INSTRUCTIONS FOR THE TASK:
Make the copy match the entries below exactly, with no pictures carried over.

(Records from a collection)
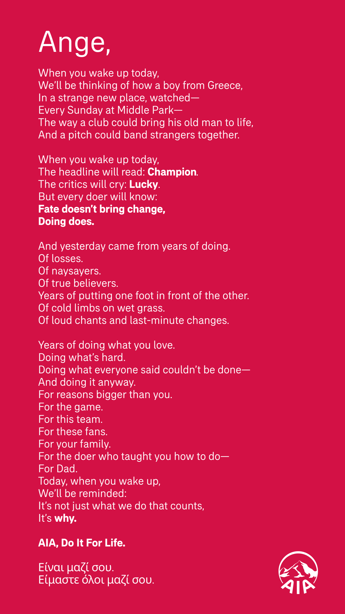 People doubted Ange Postecoglou could lead Tottenham Hotspur to victory, but he didn’t. So after the Spurs’ incredible win over Manchester United in the Euros, AIA Insurance — the team’s lead sponsor — wanted to send a message to Ange and doers everywhere: keep showing up, no matter the odds.
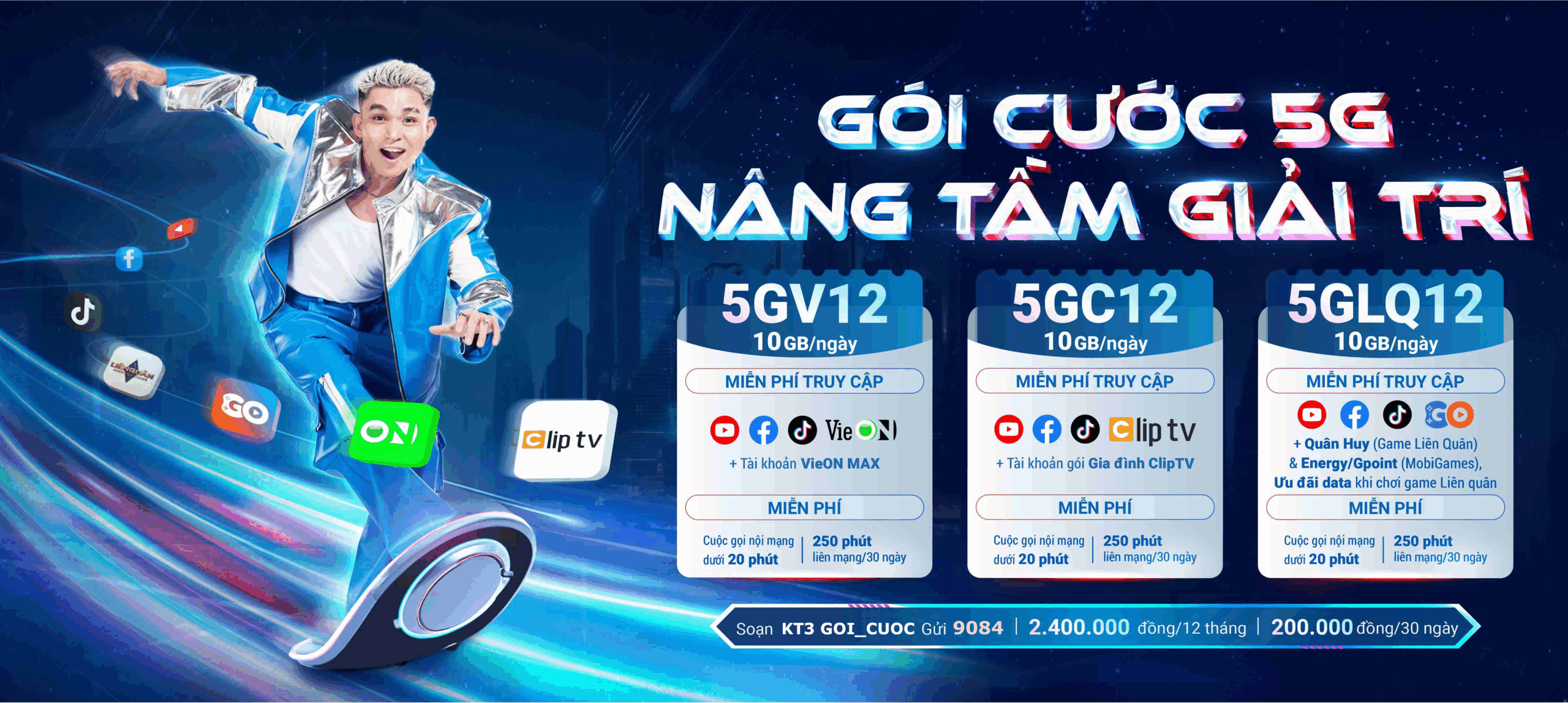 Vinaphone ra mắt các gói cước combo giải trí và dịch vụ số với dung lượng data lên đến 15 GB/ngày, cùng nhiều quyền lợi hấp dẫn: miễn phí truy cập các dịch vụ giải trí truyền hình, các ứng dụng Mạng xã hội như: VTVcab, ClipTV, VieON, Liên Quân Mobile, Youtube, Facebook, Tiktok…, gọi thoại ổn định, tốc độ truy cập mạnh mẽ, sử dụng liên tục mọi lúc mọi nơi, đăng kí dễ dàng. Các gói cước 5G của Vinaphone đáp ứng mọi nhu cầu của khách hàng!
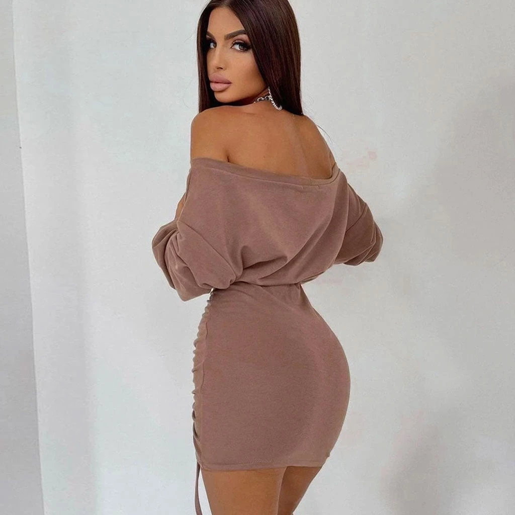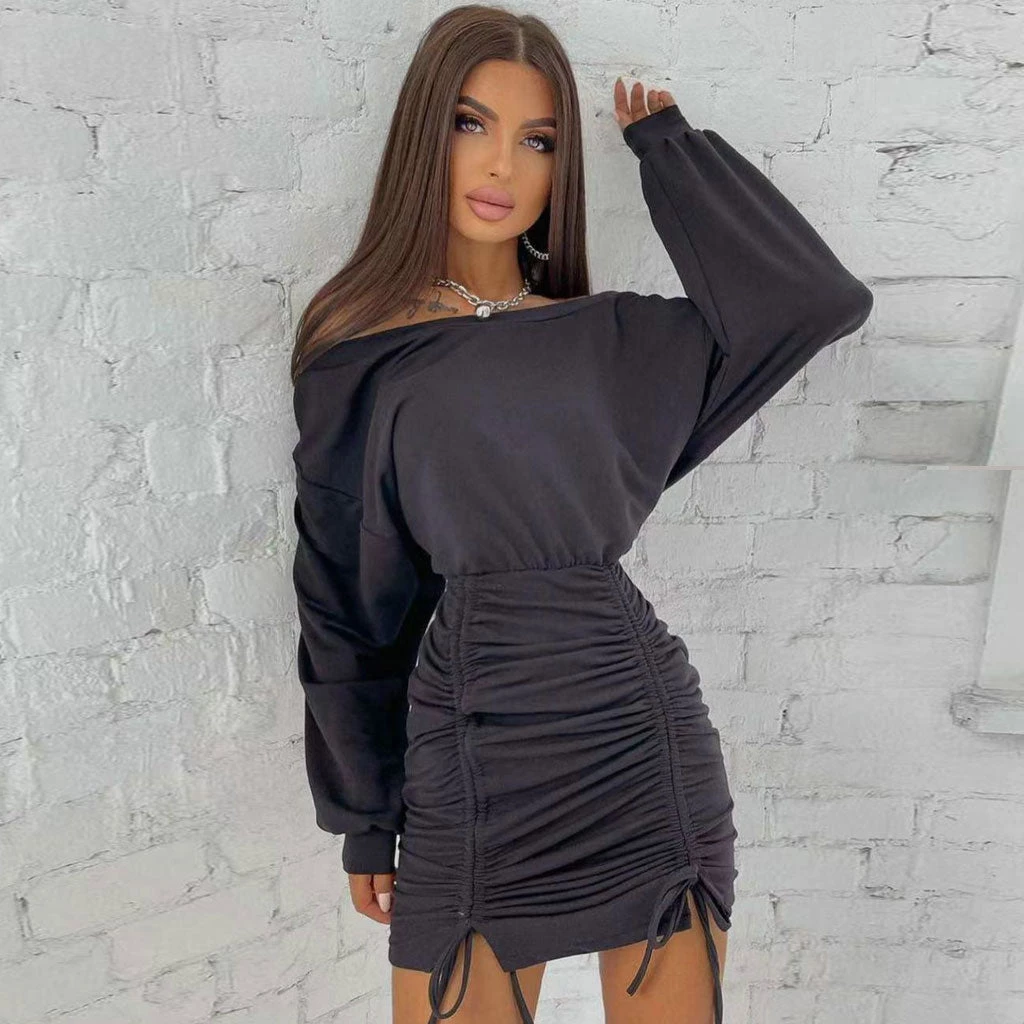 This sporty style mini dress will never go out of style. Crafted with polyester in solid color, stand out in double drawstrings & ruched details to the front, featuring a round neckline in versatile looks, a long sleeve styling, a pullover design, and ended up with a mini length. Find more unique women’s dresses or trendy clothing in our boutique, and wear it with a pair of sneakers for when going out.
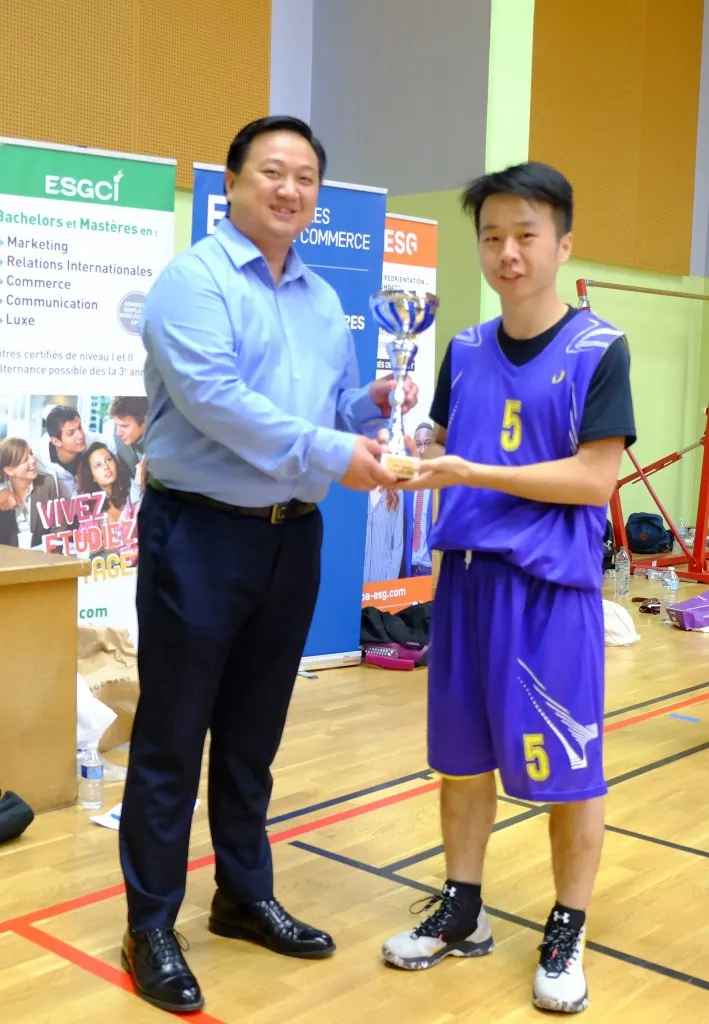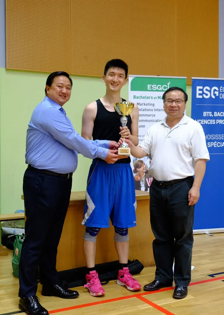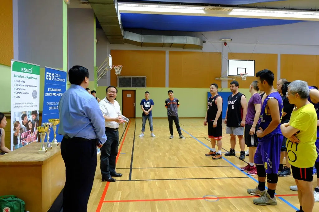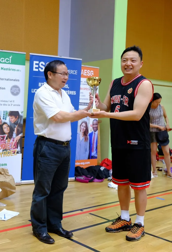 北外法国校友会会长兼外语院校法国校友会联盟主席刘亚中老师到场观球,为中国高校运动员们助威加油;中国驻法使馆科技处董琳秘书莅临比赛现场并与FCBA法国华人篮协主席邱秀贤一起为优胜队颁发奖杯。
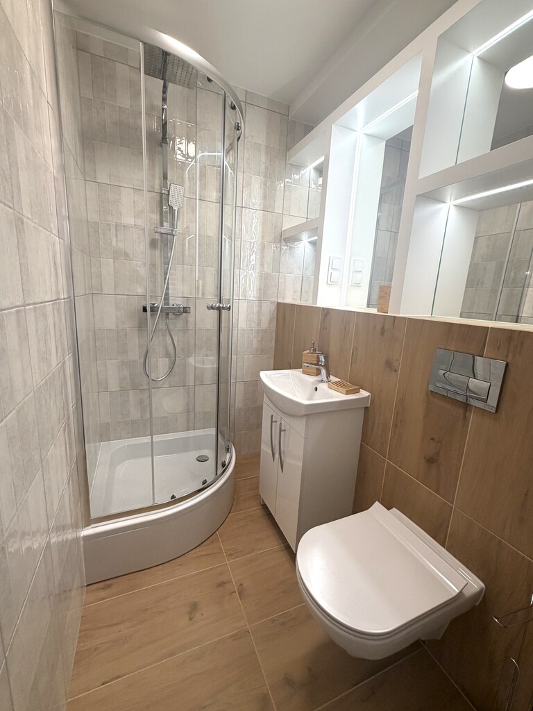 Kuchnia wykonana na wymiar i wyposażona w nowoczesny sprzęt AGD, w tym kuchenkę gazową. Łazienka oraz całe mieszkanie świeżo wykończone, a klimatyczne oświetlenie LED tworzy przyjemny nastrój.
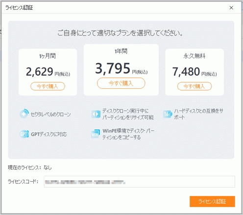[ライセンス認証]画面が表示されるので、[ライセンスコード]に発行されたライセンスキーを入力して[ライセンス認証]をクリックします。
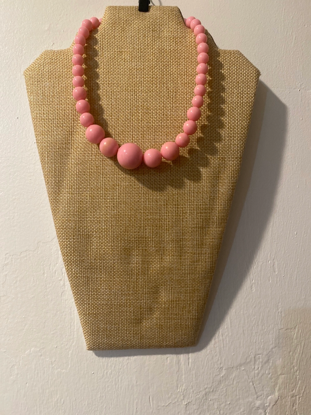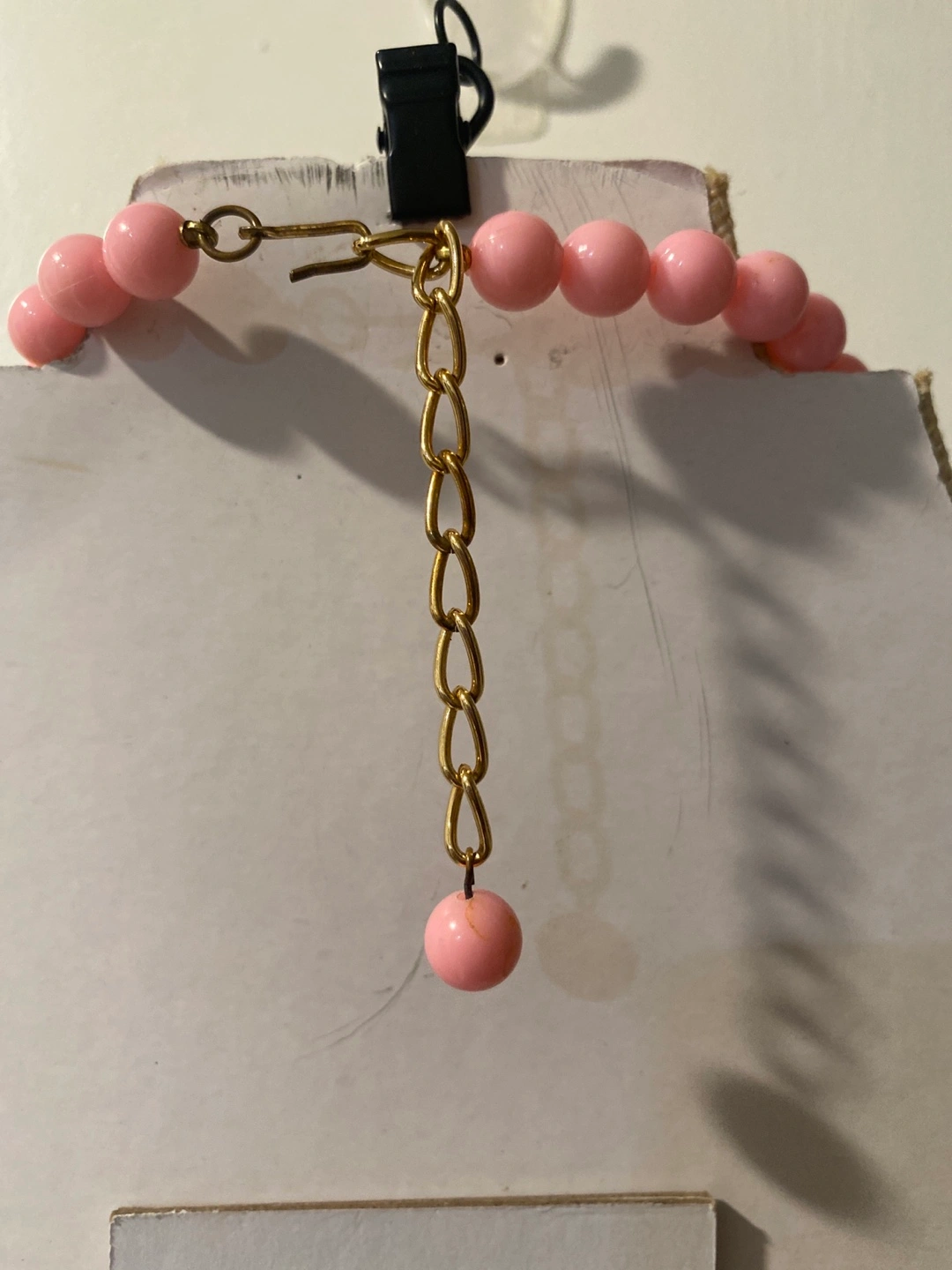 209Pink beaded necklace with a gold clasp and chain extension. Large beads.
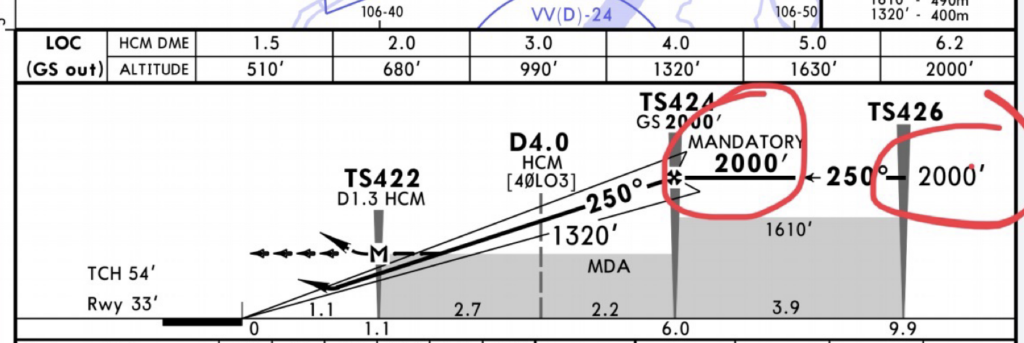 The answer is: Pilots can cross TS426 at or above 2000‘ and need to maintain 2000‘ mandatory at TS424.
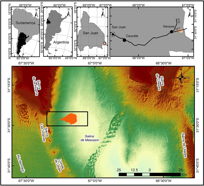 Al Este de la ciudad de San Juan y en el límite con la provincia de La Rioja, se desarrolla un valle intermontano denominado Depresión del Gran Bajo Oriental, emplazado en las Sierras Pampeanas Occidentales en el antepaís fracturado (Criado Roque et al., 1981; Jordan et al., 1983; Suvires, 1996). Este valle está circunscrito por las sierras de La Huerta, Las Imanas, y Lomas de Leyes al Oeste, y las sierras de Chepes, Ulapes y Las Minas por el Este (Fig. 1). Las sierras de La Huerta-Imanas están formadas por rocas de basamento cristalino representado por el Complejo Valle Fértil, y rocas sedimentarias triásicas del Grupo Marayes y cretácicas del Grupo El Gigante (Bossi, 1976; Vujovich et al., 2007). Su piedemonte oriental presenta conos aluviales cuaternarios, y en las inmediaciones de las salinas se presentan acumulaciones eólicas de los Médanos Negros y dunas longitudinales y transversales (Suvires, 1986; Vujovich et al., 2007; Tripaldi y Forman, 2007). Los Médanos Negros y las dunas transversales al borde de la salina han sido datadas por Luminiscencia Ópticamente Estimulada (OSL) en 2.540±240 años y entre 900±70 y 400±65 años respectivamente (Tripaldi y Forman, 2007). Los depósitos sedimentarios del arroyo Papagayos en parte cubren y se interdigitan con estos depósitos eólicos.
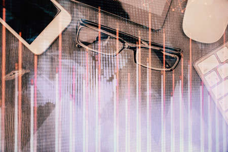 Multi exposure of forex graph hologram over desktop with phone. Top view. Mobile trade platform concept.
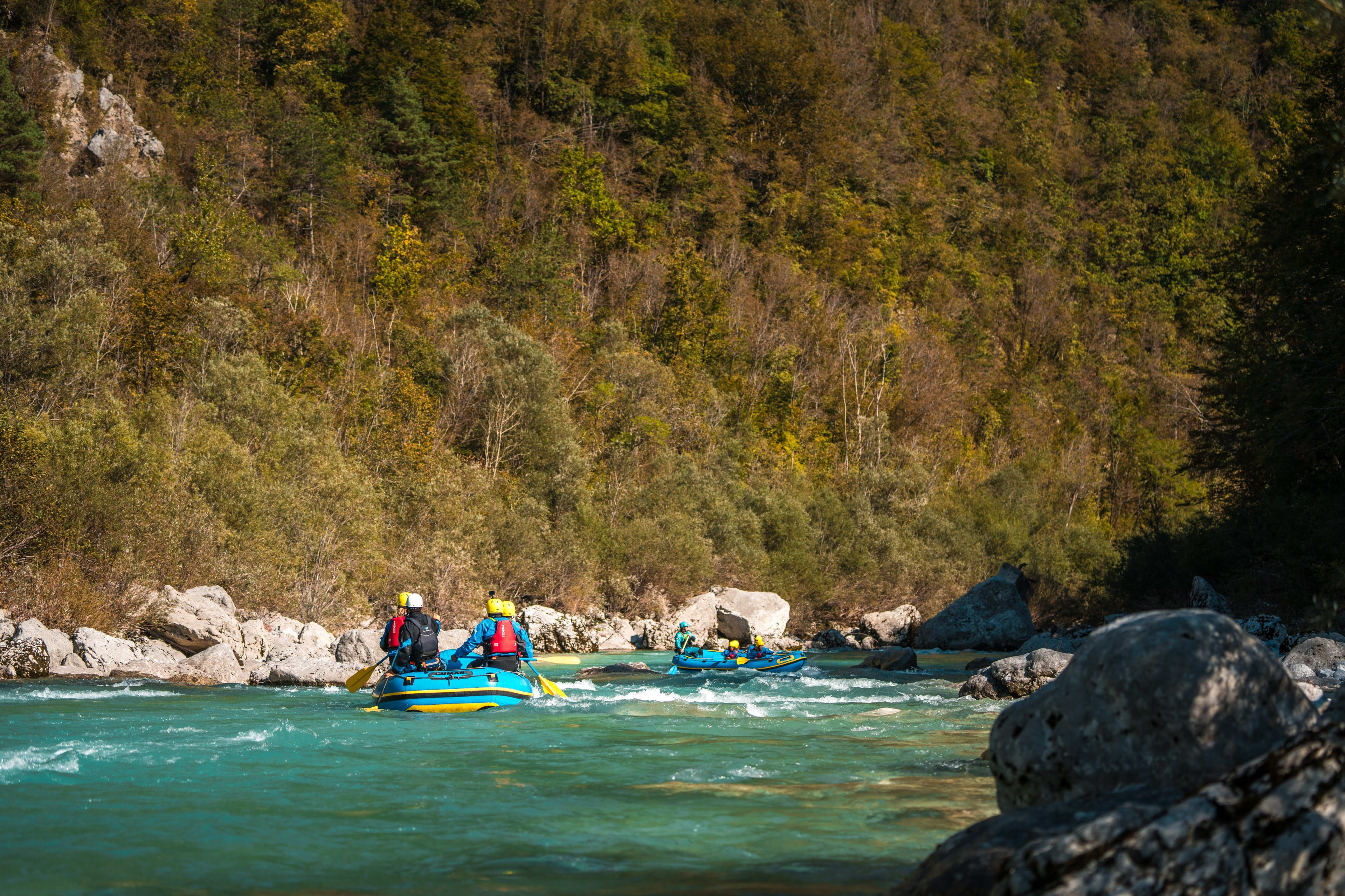 Diese Exkursion wird von einem außergewöhnlichen Team geleitet, das von sechsfachen Rafting-Weltmeistern gegründet wurde. Dieses einzigartige Niveau an Fachwissen bedeutet absolute Sicherheit und einen hohen pädagogischen Standard für alle Teilnehmer. Die 10 km lange Abfahrt beginnt in der Nähe der majestätischen Boka-Wasserfälle, die 106 Meter hoch sind, und führt über Stromschnellen der Grade II und III zwischen Srpenica und Trnovo. Ausgerüstet mit 5 mm Neoprenanzügen, um der Frische des alpinen Wassers zu trotzen, lernen Sie, Ihre Anstrengungen mit Ihrer Crew zu koordinieren, um Strudel und technische Hindernisse zu überwinden, während Sie Pausen einlegen, um in natürliche Pools zu springen oder in der Strömung zu schwimmen.

ANSWER BOX:
 People doubted Ange Postecoglou could lead Tottenham Hotspur to victory, but he didn’t. So after the Spurs’ incredible win over Manchester United in the Euros, AIA Insurance — the team’s lead sponsor — wanted to send a message to Ange and doers everywhere: keep showing up, no matter the odds.
 Vinaphone ra mắt các gói cước combo giải trí và dịch vụ số với dung lượng data lên đến 15 GB/ngày, cùng nhiều quyền lợi hấp dẫn: miễn phí truy cập các dịch vụ giải trí truyền hình, các ứng dụng Mạng xã hội như: VTVcab, ClipTV, VieON, Liên Quân Mobile, Youtube, Facebook, Tiktok…, gọi thoại ổn định, tốc độ truy cập mạnh mẽ, sử dụng liên tục mọi lúc mọi nơi, đăng kí dễ dàng. Các gói cước 5G của Vinaphone đáp ứng mọi nhu cầu của khách hàng!
 This sporty style mini dress will never go out of style. Crafted with polyester in solid color, stand out in double drawstrings & ruched details to the front, featuring a round neckline in versatile looks, a long sleeve styling, a pullover design, and ended up with a mini length. Find more unique women’s dresses or trendy clothing in our boutique, and wear it with a pair of sneakers for when going out.
 北外法国校友会会长兼外语院校法国校友会联盟主席刘亚中老师到场观球,为中国高校运动员们助威加油;中国驻法使馆科技处董琳秘书莅临比赛现场并与FCBA法国华人篮协主席邱秀贤一起为优胜队颁发奖杯。
 Kuchnia wykonana na wymiar i wyposażona w nowoczesny sprzęt AGD, w tym kuchenkę gazową. Łazienka oraz całe mieszkanie świeżo wykończone, a klimatyczne oświetlenie LED tworzy przyjemny nastrój.
[ライセンス認証]画面が表示されるので、[ライセンスコード]に発行されたライセンスキーを入力して[ライセンス認証]をクリックします。
 209Pink beaded necklace with a gold clasp and chain extension. Large beads.
 The answer is: Pilots can cross TS426 at or above 2000‘ and need to maintain 2000‘ mandatory at TS424.
 Al Este de la ciudad de San Juan y en el límite con la provincia de La Rioja, se desarrolla un valle intermontano denominado Depresión del Gran Bajo Oriental, emplazado en las Sierras Pampeanas Occidentales en el antepaís fracturado (Criado Roque et al., 1981; Jordan et al., 1983; Suvires, 1996). Este valle está circunscrito por las sierras de La Huerta, Las Imanas, y Lomas de Leyes al Oeste, y las sierras de Chepes, Ulapes y Las Minas por el Este (Fig. 1). Las sierras de La Huerta-Imanas están formadas por rocas de basamento cristalino representado por el Complejo Valle Fértil, y rocas sedimentarias triásicas del Grupo Marayes y cretácicas del Grupo El Gigante (Bossi, 1976; Vujovich et al., 2007). Su piedemonte oriental presenta conos aluviales cuaternarios, y en las inmediaciones de las salinas se presentan acumulaciones eólicas de los Médanos Negros y dunas longitudinales y transversales (Suvires, 1986; Vujovich et al., 2007; Tripaldi y Forman, 2007). Los Médanos Negros y las dunas transversales al borde de la salina han sido datadas por Luminiscencia Ópticamente Estimulada (OSL) en 2.540±240 años y entre 900±70 y 400±65 años respectivamente (Tripaldi y Forman, 2007). Los depósitos sedimentarios del arroyo Papagayos en parte cubren y se interdigitan con estos depósitos eólicos.
 Multi exposure of forex graph hologram over desktop with phone. Top view. Mobile trade platform concept.
 Diese Exkursion wird von einem außergewöhnlichen Team geleitet, das von sechsfachen Rafting-Weltmeistern gegründet wurde. Dieses einzigartige Niveau an Fachwissen bedeutet absolute Sicherheit und einen hohen pädagogischen Standard für alle Teilnehmer. Die 10 km lange Abfahrt beginnt in der Nähe der majestätischen Boka-Wasserfälle, die 106 Meter hoch sind, und führt über Stromschnellen der Grade II und III zwischen Srpenica und Trnovo. Ausgerüstet mit 5 mm Neoprenanzügen, um der Frische des alpinen Wassers zu trotzen, lernen Sie, Ihre Anstrengungen mit Ihrer Crew zu koordinieren, um Strudel und technische Hindernisse zu überwinden, während Sie Pausen einlegen, um in natürliche Pools zu springen oder in der Strömung zu schwimmen.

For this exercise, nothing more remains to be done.